The petition: "Close the YouTube channel of Álvaro Reyes, which teaches how to harass women" has already collected over 20,500 signatures. 

The petition is calling for YouTube to close down the channel, which "teaches heterosexual men how to harass women in public spaces in order to have sex with them."

"He never accepts NO for an answer," says the petition. 

Reyes, who calls himself "one of the leading experts on seduction in Spain" has his own website juagatujuego.com, which translates as play your game in English, where he teaches men how to succeed with women.

He has a huge following across social media, boasting over 430,000 subscribers on YouTube, over 43,000 Facebook followers and over 25,000 followers on Twitter.

Reyes, who is actually a trained biologist, also holds workshops and sells books on the subject of "pulling".

His YouTube channel, which has wracked up millions of hits, consists of videos explaining different flirting techniques and includes practical examples in which Reyes takes to the streets, approaching women to prove his techniques work.

One video is titled Sex with an unknown on the same day (see below). 

The petition to close down the YouTube channel, started by Zarina Kulaeva, quotes phrases Reyes has used in his videos such as "we need to overcome the established limits to be successful with a girl. Never ask if you can do something, just do it". 
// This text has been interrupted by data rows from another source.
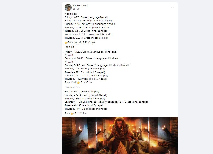 निर्माता तथा निर्देशक सन्तोष सेनले गत शुक्रबारदेखि बिहीबारसम्मको कमाइ सामाजिक सञ्जालबाट सार्वजनिक गरेका हुन् ।
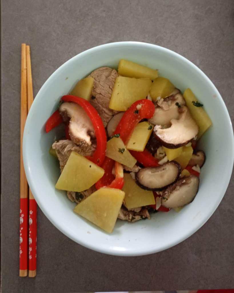 Then I diced some potatoes, red peppers, cilantro and the shitake mushrooms. I only have a metal wok, which I am not sure is the best because the point of the wok (as far as my limited studies in it go) is to cook thinks at low heat and let meat or so cook on their own juices as they bleed and sweat out of the heat in the wok pot. However, the fire in this burner even in the slow one makes the pot to go too hot, which causes the things to stick fast, unless you put oil or water. I have not used oil for cooking for almost a decade, I simply don’t use it (this started when I was 25 and was taking care of calories and gym progress and all. Was trying to reach 70 kg in weight, I got stuck in 73-74 when the pandemic started…) I usually use water, however, water makes things to bleed in a way that they sometimes get a milder flavour, so I try to use it less in the wok. I had to use it here to make the things not stick and burn.
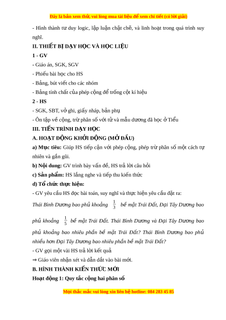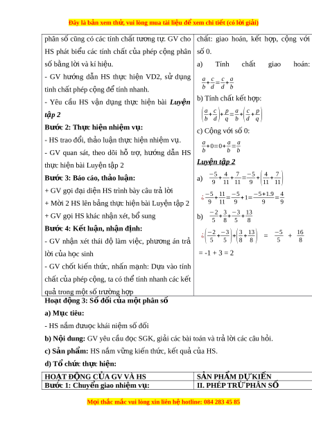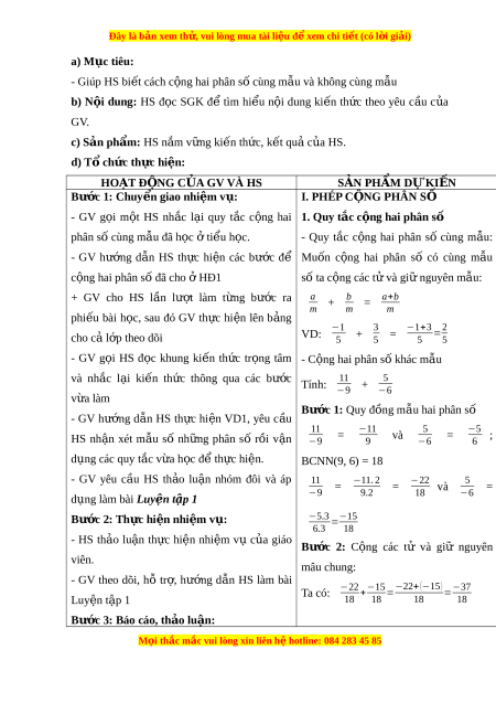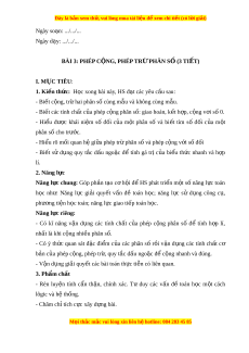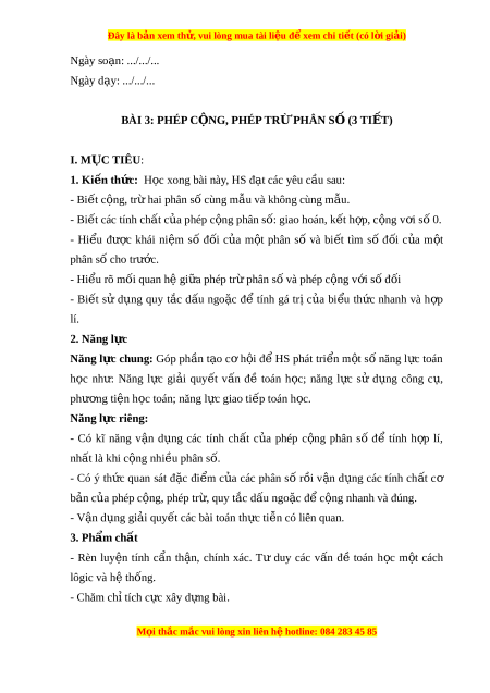 Đây là bản xem th , vu ử i lòng mua tài li u ệ đ xe ể m chi ti t ế (có l i ờ gi i ả ) Ngày so n: ạ .../.../... Ngày d y: ạ .../.../... BÀI 3: PHÉP C N Ộ G, PHÉP TR P Ừ HÂN S ( Ố 3 TI T Ế ) I. M C Ụ TIÊU: 1. Ki n t ế h c ứ : H c ọ xong bài này, HS đ t ạ các yêu c u s ầ au: - Bi t ế c ng, t ộ r hai ừ
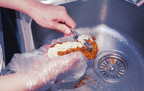 带皮的山药上有很多须,削皮的时候这些须会减慢削皮的速度,先把山药放火上迅速的过一下,烧掉上面的须,这样削皮变快了,也减少了与空气接触的时间。
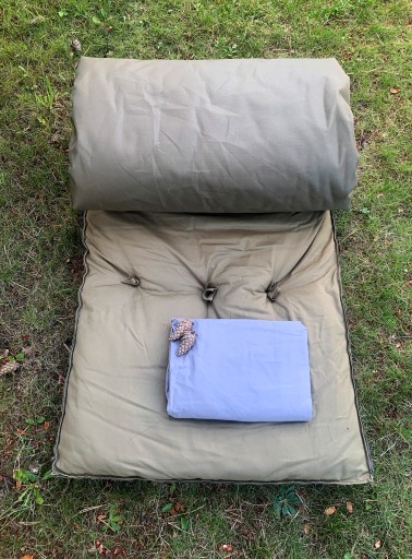 Товстий матрац військового типу (з малюнком). Розміри в розкладеному вигляді: 195 см х 70 см. Верхня частина матраца виконана з бавовни. Матрац наповнений теплоізоляційним матеріалом і дуже товстий, приблизно 8 см. Він має ремінці на кінцях, які дозволяють його згортати.

"Don’t wait for permission. Sit down with the right to do what you want. To ask permission is a symptom of insecurity,"  is another piece of advice the petition quotes. 

"If a woman is not valued, or is valued less than a man, it is logical that there will be men who think they can do what they like with women," the petition says.

"It is the culture of rape that allows women to be blamed for the attacks they suffer in the street, at home and at work."

The Local has contacted Reyes for comment.